Sanctions: Sanctions are the supporters of norms, with punishments applied to those who do not conform and rewards given to those who do. Negatively, they may be anything from a raised eyebrow to the electric chair; positively, they may be anything from a smile to the honorary degree. There are more or less subtle ways in which disapproval of action may be expressed.
One of the less subtle ways is ridicule. However, it is a powerful social sanction because no one likes to be considered to be ridiculous by those whose opinions he or she values. One likes to stand in well with others, especially with those who constitute his or her intimate groups, and such a sanction, therefore, has an immediate and direct effect when promptly applied to those who do not conform. Thus, ridicule is so effective in some primitive groups, it is the only negative sanction needed to induce people to abide by the customs of the society. The ultimate negative sanction for both the mores and folkways is ostracism, a studied refusal to communicate with violators, the banishment of offenders from the groups to which they want to belong, sending them to coventry. Individuals do not like to be exiled from groups they consider their own, from their circle of intimates and friends. Ostracism is thus one of the cruelest social punishments known to men.
Laws: There are legal constraints, too, which are the negative sanctions applied to violators of the laws. These constraints are clear, familiar, and stated in the laws themselves. They include fine, imprisonment, deportation, and, for some offenses, death.
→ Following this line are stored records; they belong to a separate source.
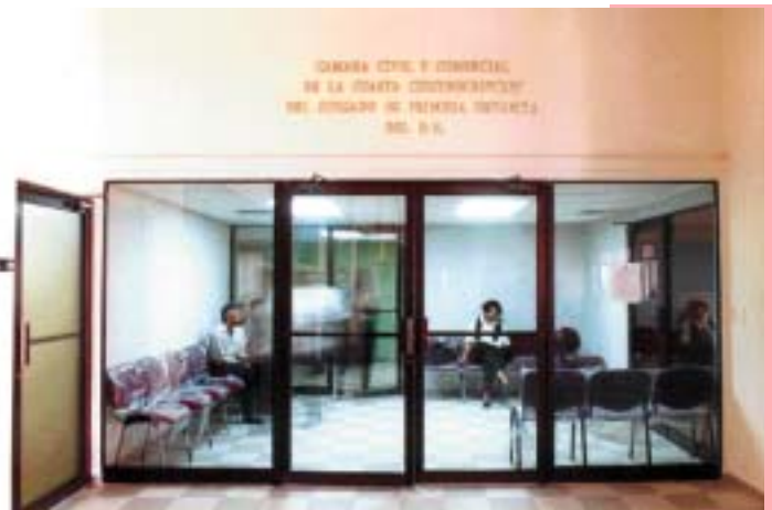
CÁMARA CIVIL Y COMERCIAL DE LA CUARTA CIRCUNSCRIPCIÓN DEL JUZGADO DE PRIMERA INSTANCIA DEL DISTRITO NACIONAL
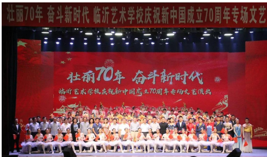
图 5-5：“壮丽 70 年 奋斗新时代”庆祝新中国成立 70 周年专场文艺演出

此外，近年来，我校先后与韩国灵山大学、齐鲁师范学院、广东省旅游学校、华航航空学校、潍坊教育学院、临沂大学等学校签订了《联合办学协议》，合作培养专业技术人才。在此基础上，学校为每位毕业生提供一定实习就业机会，先后与临沂市蒙山沂水演艺有限公司、临沂华泰建筑公司、临沂市歌舞剧院、临沂沂南马牧池影视基地等几十家单位建立了学生实习合作关系，采用“带薪实习”、“订单培养”等模式，将学校的实习与就业联为一体，输出符合用人单位需求的技能人才。据统计，本年度各用人单位对学校毕业生的满意率高达 100%，形成了“招得进，学得专、出得去、用得上”的良好局面。
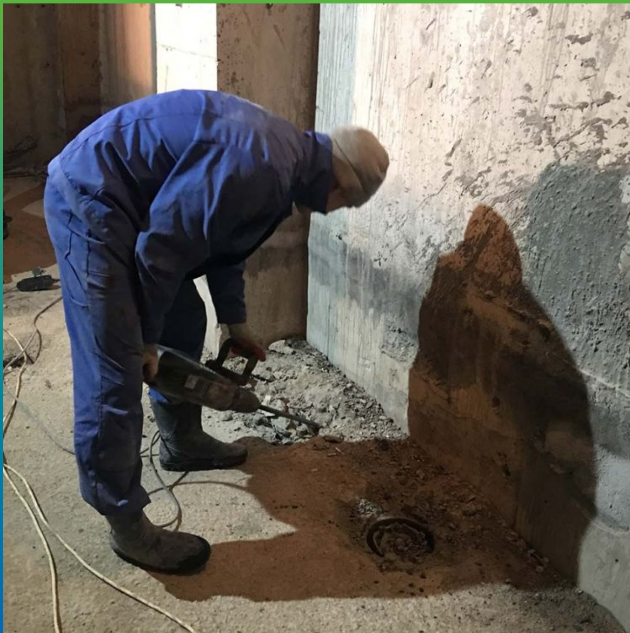
Вскрытие холодного шва между металлической сваей и фундаментной плитой
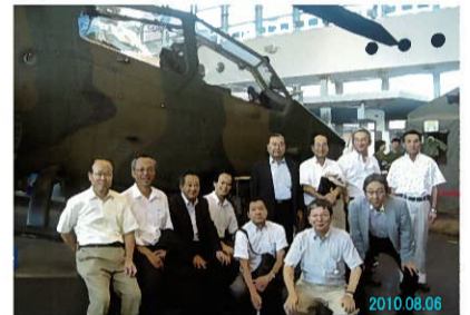
(ロジ研 渋谷副支部長)

政府の事業仕分の対象になって興味もありました。映像や説明で自衛隊の活動を懇切丁寧に教えていただき国内外での救助活動やPKOにいかに関与しているのかを改めて知りました。また屋内や屋外には活動に使われた戦車やヘリコプター等も展示されており充実した研修会でした。
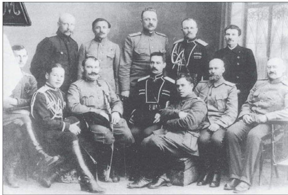
Атаман Семенов (внизу второй слева) с атаманом Сибирского войска Ивановым-Риновым

В этой атаке батальону противника спешенные наши шесть сотен нанесли решительное поражение: взято в плен до двухсот семидесяти нижних чинов
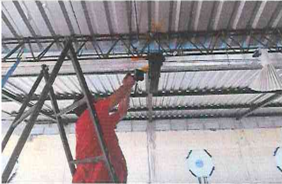
Foto 7: Suministro e Instalación de canal en area afuera de todas las aulas y la galera que se hara continua al escenario
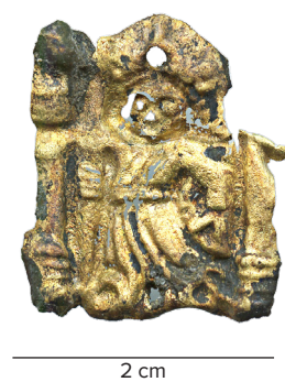
Figur 6. Pyntebeslag (7237X612) af kobberblik fra 1400-tallet fundet på Nytorv. Forestiller en person med en bredskygget hat og med en lang stav i sin højre hånd – måske skt. Jakob som pilgrim.

være en ægte muslingeskal, der var forsynet med et par huller til ophængning. 13 Bortset fra muslingeskallerne har disse let forgængelige mærker næppe overlevet i jorden til i dag. Dette forhold må naturligvis medregnes i forbindelse med det aktuelle tema om Aalborgpilgrimmenes rejser.
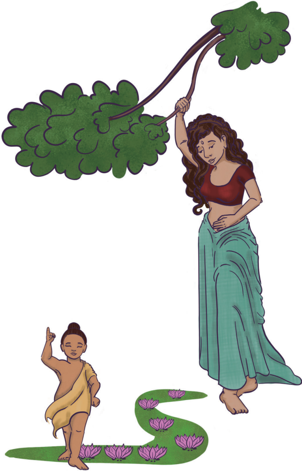
第三行谊：圆满诞生
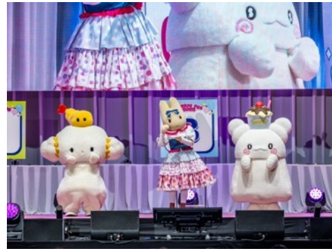
アニバーサリーステージでクイズに挑戦する「こぎみゆん」「マロンクリーム」「はなまるおばけ」
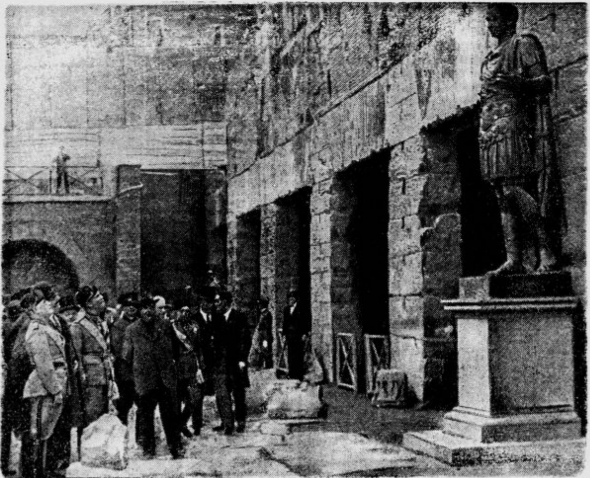
Cesarjev forum v Rimu

»Rad bi kos mila, ki močno diši.« je zahteval Petrečič v drogeriji. »Ali je mama tako rekla?« »Ne, tako hočem jaz. Mama naj opazi, kadar si bom umil obraz, da mi ne bo treba umivanja kakor vedno ponavljati!«
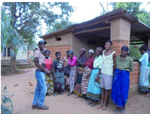
De Disabled Group bij hun geiten
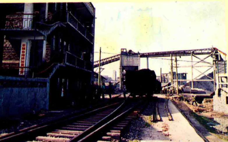
丰城市地方铁路管理站
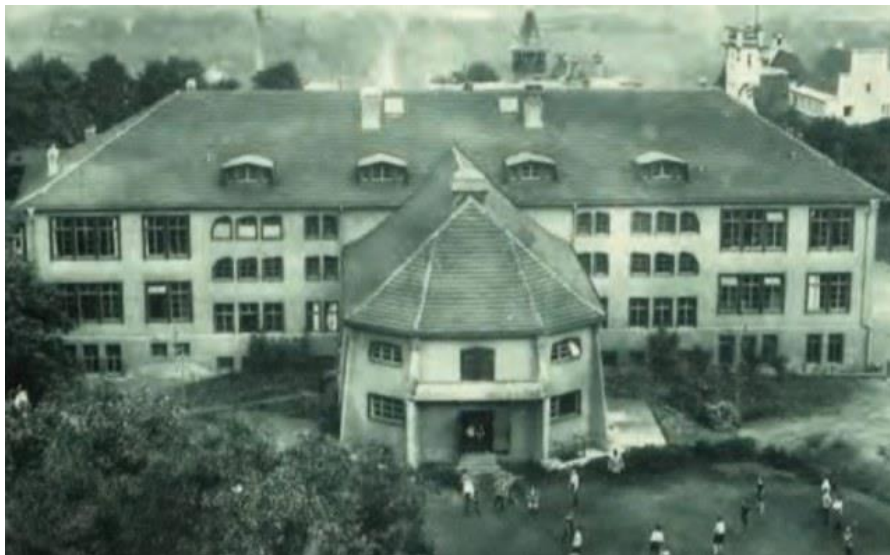
Ilustración 3 Primera escuela Waldorf, Stuttgart, Alemania.

La primera escuela Waldorf se fundó en 1919 en Stuttgart, Alemania 11 en la cual se trabajaban los principios pedagógicos Waldorf basándose en su desarrollo integral, enfoque artístico y holístico de la educación.
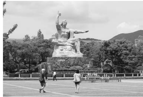
原爆犠牲者慰霊平和祈念式典会場の平和公園整備
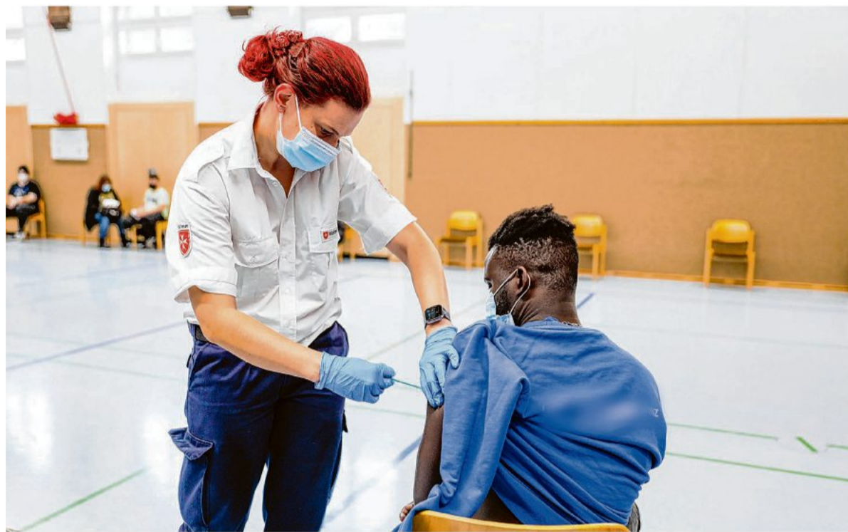
Überall im Land werden derzeit neue Impfstationen eingerichtet.

Vaihingen an der Enz startet im Januar nochmals kräftig durch beim Thema Impfen. An 30 Tagen (nur der Neujahrstag war ausgenommen) können sich Impfwillige den so wichtigen Pils abholen. Neben den DRK-Terminen in der Stadthalle können ab sofort auch Termine in Enzweihingen gebucht werden, und zwar unter https://termin.kizlb.de/online . Der Impfstützpunkt in Enzweihingen ist unter der Adresse Steinstraße 21 zu erreichen (Parkplätze sind ausgeschildert). Alle drei Buchungsportale (auch die des DRK) sind auch auf der
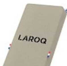
DESERT Logo noir
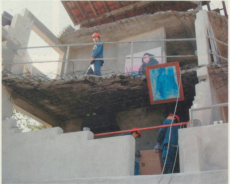
Evaluierung von Kulturgütern.

BABS. Die Bevölkerungsschutzreform bringt für die Ausbildung im Kulturgüterschutz (KGS) verschiedene Änderungen. Die KGS-Spezialisten des Zivilschutzes haben nicht nur eine längere Ausbildung zu absolvieren. Es wird vor allem auch mehr Gewicht auf die Zusammenarbeit mit den Partnerorganisationen gelegt. Genf hat die neue Ausbildung erfolgreich getestet.

Taboos: Taboo means prohibition against an item, person, or type of behavior. In religious taboos, the forbidden item is believed to be unclean or sacred, and the taboo is imposed for protection against the item’s power. Prohibition against incest and marriage within certain groups are examples of behavioral taboos. The most universal prohibition of such taboo is that on mating among certain kinds of kin: mother-son, father-daughter, brother-sister. Some other taboos are more concerned with social relationships, as in the obsrvance of caste or class rules or use of language among family members.
References:
- Chick, G., & Dong, E. (2003, April 6-8). Possibility of refining the hierarchical model of leisure constraints through cross-cultural research. Proceedings of the 2003 Northeastern Recreation Research Symposium, Bolton Landing, NY.
- Lewis, H. (1993). Anthropologia. Whitter, CA: Lewis Micropublishing.
- Nanda, S. (1994). Cultural anthropology (5th ed.). Belmont, CA: Wadsworth.